Нейроны ядра ложа конечной полоски, которые находятся в расширенной миндалине, участвуют в процессе возбуждения в ответ на эмоциональные стимулы — сообщается в исследовании, опубликованном в журнале Cell Reports. Изменение размера зрачка у мышей в ответ на эмоционально окрашенные запахи совпало с работой этих нейронов, а их оптогенетическая инактивация вызвала у мышей волнение и тревогу.
Процесс эмоционального возбуждения лежит в основе психических реакций, а его нарушения приводят к депрессии и тревожным расстройствам. Эмоциональное возбуждение отражается на работе разных органов через эндокринную систему, влияет на общую активность мозга и на такие долгосрочные реакции как сон и бодрствование. Но существует и быстрый ответ организма на возбуждение, который выражается в изменении диаметра зрачка: считается, что эмоциональные стимулы способствуют активности мышц вокруг него.
Координирует эмоциональные реакции ядро ложа конечной полоски (BNST), которое находится в расширенной миндалине мозга. Нейроны этой области связаны с вознаграждением, социальным поведением, беспокойством и страхом. Через нейронные проекции ядро BNST связано со многими областями мозга, которые в свою очередь управляют эндокринными и вегетативными реакциями организма на эмоционально значимые стимулы. В некоторых нейронах BNST активен ген препроноцицептина Pnoc, который в других областях оказался связан с регуляцией процессов мотивации и вознаграждения, а вот роль Pnoc-нейронов в этом ядре до сих пор не была понятна.
Хосе Родригез-Ромагьера (Jose Rodriguez-Romaguera) из Университета Северной Каролины вместе с коллегами изучил роль Pnoc-нейронов ядра BNST в быстрой эмоциональной реакции. Для этого ученые предъявляли мышам два эмоциональных стимула: аппетитный запах арахисового масла и неприятный запах мочи других грызунов (триметилтиазолин). У мышей, которые свободно перемещались по камере с источниками запахов наблюдалось расширение зрачков как вблизи обоих источников запаха по сравнению с водой (p < 0,05).
Затем головы мышей зафиксировали, чтобы записать активность их нейронов при помощи двухфотонной микроскопии.

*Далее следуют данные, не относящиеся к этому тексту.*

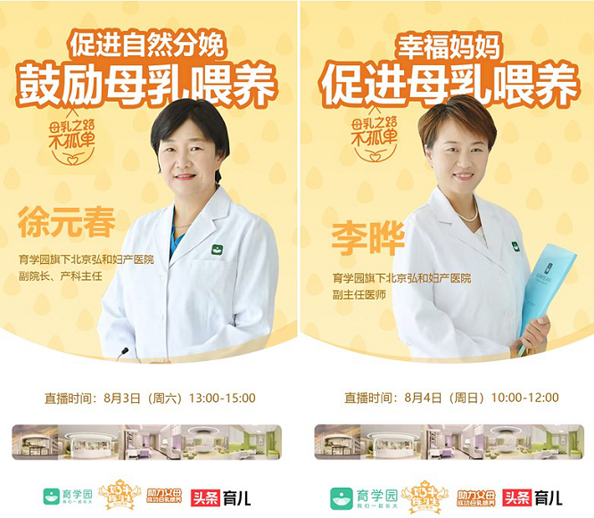 同時,在8月3日、4日,育學園旗下北京弘和婦產醫院內也舉辦了兩場關于母乳喂養的公益講座,產科主任徐元春、副主任醫師李曄分別針對孕期和哺乳期媽媽,帶來了兩場格外精彩、干貨滿滿的主題分享。講座全程通過抖音及西瓜視頻直播,近萬人同步觀看。

Этот подход позволил проследить процесс перемещения ионов кальция в клетках, который и лежит в основе нервного возбуждения. Оказалось, что половина всех Pnoc-нейронов достоверно изменяла свою активность в ответ стимулы (p < 0,0001). При этом нейроны возбуждались в ответ на оба стимула, а вот торможение происходило только в ответ на триметилтиазолин. Половина тех нейронов, которые возбуждались в ответ на «арахисовое масло», возбуждалась и в ответ на второй стимул. И половина тех нейронов, что не ответили на «арахисовое масло», также активировались на триметилтиазолин. Эти данные указывают на существование субпопуляций нейронов, которые по-разному реагируют на разные по эмоциональной окраске стимулы.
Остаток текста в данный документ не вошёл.